PROBLEM TO WORK ON:
Transcribe word for word the section of the records below that opens with the line containing "Ориентировочно так, схема" and closes with the line containing "PLANET VC-231Ethernet po"; drop every picture.

TASK MATERIAL:

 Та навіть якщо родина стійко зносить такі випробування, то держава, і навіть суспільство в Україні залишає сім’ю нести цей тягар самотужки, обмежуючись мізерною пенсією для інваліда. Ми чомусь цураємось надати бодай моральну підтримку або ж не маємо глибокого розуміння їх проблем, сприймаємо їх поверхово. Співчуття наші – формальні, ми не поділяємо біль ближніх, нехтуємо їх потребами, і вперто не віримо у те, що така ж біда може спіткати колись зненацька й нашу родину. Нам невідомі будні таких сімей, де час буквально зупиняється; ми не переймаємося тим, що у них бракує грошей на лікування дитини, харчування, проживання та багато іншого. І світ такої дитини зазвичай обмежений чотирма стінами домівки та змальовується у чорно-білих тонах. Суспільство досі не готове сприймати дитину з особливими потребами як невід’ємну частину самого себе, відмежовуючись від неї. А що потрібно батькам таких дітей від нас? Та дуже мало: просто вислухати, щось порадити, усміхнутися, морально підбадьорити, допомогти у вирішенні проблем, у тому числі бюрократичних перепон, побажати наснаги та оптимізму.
...
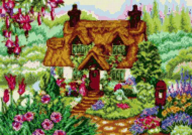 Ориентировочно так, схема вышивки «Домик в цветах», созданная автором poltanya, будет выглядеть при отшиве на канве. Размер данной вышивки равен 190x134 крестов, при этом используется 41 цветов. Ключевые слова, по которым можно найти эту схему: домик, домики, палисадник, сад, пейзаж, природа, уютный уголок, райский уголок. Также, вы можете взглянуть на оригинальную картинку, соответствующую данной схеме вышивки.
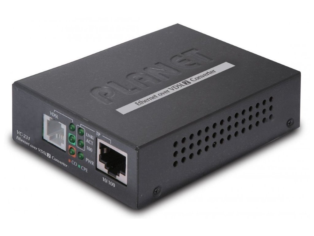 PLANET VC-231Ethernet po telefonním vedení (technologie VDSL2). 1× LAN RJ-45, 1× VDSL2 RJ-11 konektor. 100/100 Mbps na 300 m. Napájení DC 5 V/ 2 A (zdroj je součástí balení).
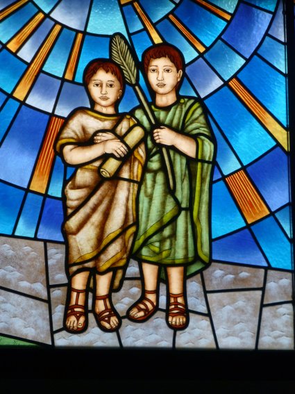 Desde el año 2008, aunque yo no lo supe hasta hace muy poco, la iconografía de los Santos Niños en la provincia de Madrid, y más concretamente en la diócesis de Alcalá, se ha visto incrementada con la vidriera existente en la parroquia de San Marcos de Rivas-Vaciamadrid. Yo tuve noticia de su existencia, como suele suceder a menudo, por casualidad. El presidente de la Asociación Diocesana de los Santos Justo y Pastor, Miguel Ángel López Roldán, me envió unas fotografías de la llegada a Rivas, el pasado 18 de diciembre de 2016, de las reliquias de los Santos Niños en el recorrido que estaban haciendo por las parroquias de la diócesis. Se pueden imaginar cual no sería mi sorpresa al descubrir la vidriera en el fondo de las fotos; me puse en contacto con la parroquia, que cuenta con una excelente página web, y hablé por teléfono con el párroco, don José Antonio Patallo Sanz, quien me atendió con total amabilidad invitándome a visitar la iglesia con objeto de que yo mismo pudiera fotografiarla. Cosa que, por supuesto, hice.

RESPONSE BELOW:
 Ориентировочно так, схема вышивки «Домик в цветах», созданная автором poltanya, будет выглядеть при отшиве на канве. Размер данной вышивки равен 190x134 крестов, при этом используется 41 цветов. Ключевые слова, по которым можно найти эту схему: домик, домики, палисадник, сад, пейзаж, природа, уютный уголок, райский уголок. Также, вы можете взглянуть на оригинальную картинку, соответствующую данной схеме вышивки.
 PLANET VC-231Ethernet po telefonním vedení (technologie VDSL2). 1× LAN RJ-45, 1× VDSL2 RJ-11 konektor. 100/100 Mbps na 300 m. Napájení DC 5 V/ 2 A (zdroj je součástí balení).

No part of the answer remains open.